Выбрать главу
Захватил «тамбовский» спрут Город наш геройский. Скоро Питер назовут «Петербург-Тамбовский».
По Неве плывет «трамвай» В сторону Рамбова. В Питере опять шуруют Бандиты из Тамбова.
6

В декабре 1917 года при СНК РСФСР была создана Всероссийская чрезвычайная комиссия по борьбе с контрреволюцией и саботажем, сокращено — ВЧК. Это был первый карательный орган советской власти. Достаточно вспомнить послереволюционную поговорку: «ЦК цыкает, а ЧК — чикает». В обязанности Чрезвычайной комиссии была вменена борьба с беспризорщиной, которую, впрочем, как это всем было хорошо понятно, они сами и породили, расстреливая направо и налево взрослое население. В городском фольклоре ВЧК была переименована в ДЧК, то есть «Детская чрезвычайка». Ею и вправду очень долго пугали детей:

Мальчик просит папу, маму: «Дайте сахар и чайку». — «Замолчи, троцкист поганый! Отведу тебя в ЧеКу».

Можно напомнить и о судьбе дома № 3 по улице Ткачей, в котором до революции находилось общежитие рабочих фабрики Максвеля. В обиходной речи он известен как «Красный дом», не только по цвету стен, выложенных красным неоштукатуренным кирпичом, но и по событию, вошедшему в историю рабочего движения под названием «Сражение в Красном доме». В ночь на 17 декабря 1898 года рабочие оказали сопротивление полиции, явившейся арестовать их забастовавших товарищей. В 1930–1940-х годах в бывших фабричных казармах Максвеля была устроена детская пересыльная тюрьма. Условия содержания малолетних преступников в этом заведении были, вероятно, такими, что его очень скоро окрестили «Домом палачей», адрес которого в Ленинграде был достаточно хорошо известен: «Улица Ткачей, дом палачей».
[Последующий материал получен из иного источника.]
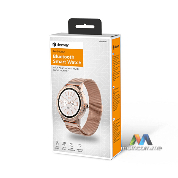 DENVER SW-360RO smartwatch pametni sat │ Bluetooth povezivanje │ Senzor za otkucaje srca │ 1.22” dodirni ekran │ Praćenje sportskih aktivnosti i sna │ Prikaz poruka i poziva │ Punjiva baterija 220mAh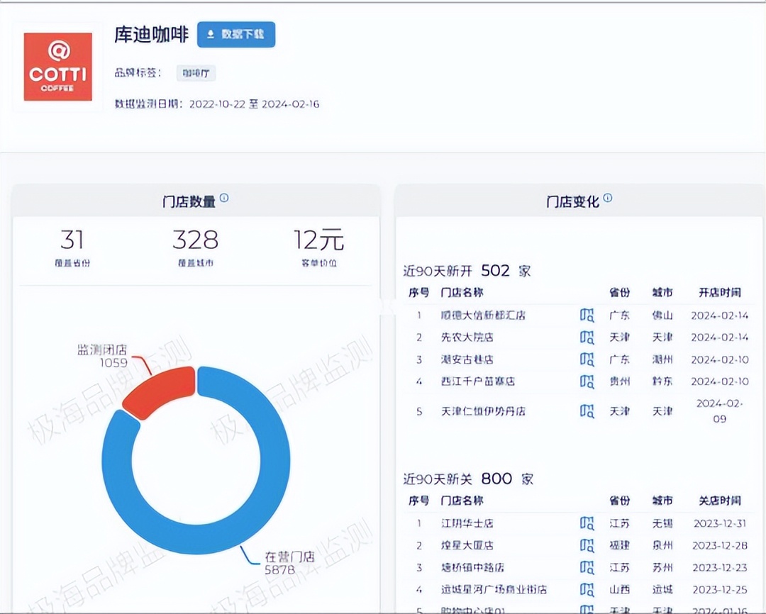 此前,库迪公开的门店数量达7000多家,但极海监测数据显示,近90天库迪闭店数量达800家,在营门店数量已经跌破6000家。

Между тем нельзя забывать и того, что благодаря деятельности пресловутой ВЧК в стране была создана целая сеть воспитательно-трудовых учреждений для малолетних беспризорников, лишенных родителей и домашнего очага. Их свозили с вокзалов и тюрем, из распределительных пунктов и отделений милиции, из притонов во время ночных облав. Так было и в послереволюционном Петрограде. Некоторые воспитательные и трудовые дома создавались на базе дореволюционных благотворительных домов призрения, некоторые возникали вновь. Однако, если верить городскому фольклору, и те, и другие становились предметом серьезной озабоченности как местных жителей, так и городских властей.

В конце XIX века в помещениях современной гостиницы «Октябрьская», располагающейся на Лиговском проспекте, было организовано Государственное общество призора (ГОП) для попечения и заботы о брошенных и неимущих. Сюда доставляли беспризорных детей и подростков, занимавшихся мелким грабежом и хулиганством. После Октябрьской революции 1917 года на Лиговке, или Лигов-стрит, как ее тогда называли, в том же здании было организовано Государственное общежитие пролетариата для тех же целей. В 1920-х годах сюда свозили на перевоспитание всех отловленных в Петрограде беспризорников. По неизлечимой в то время страсти всякое название превращать в аббревиатуру общежитие называли ГОП (Городское Общежитие Пролетариата). В народе звучную аббревиатуру расшифровывали: «Гостиница Обездоленного Пролетариата». А малолетние обитатели ГОПа в городском фольклоре получили прозвище «гопники».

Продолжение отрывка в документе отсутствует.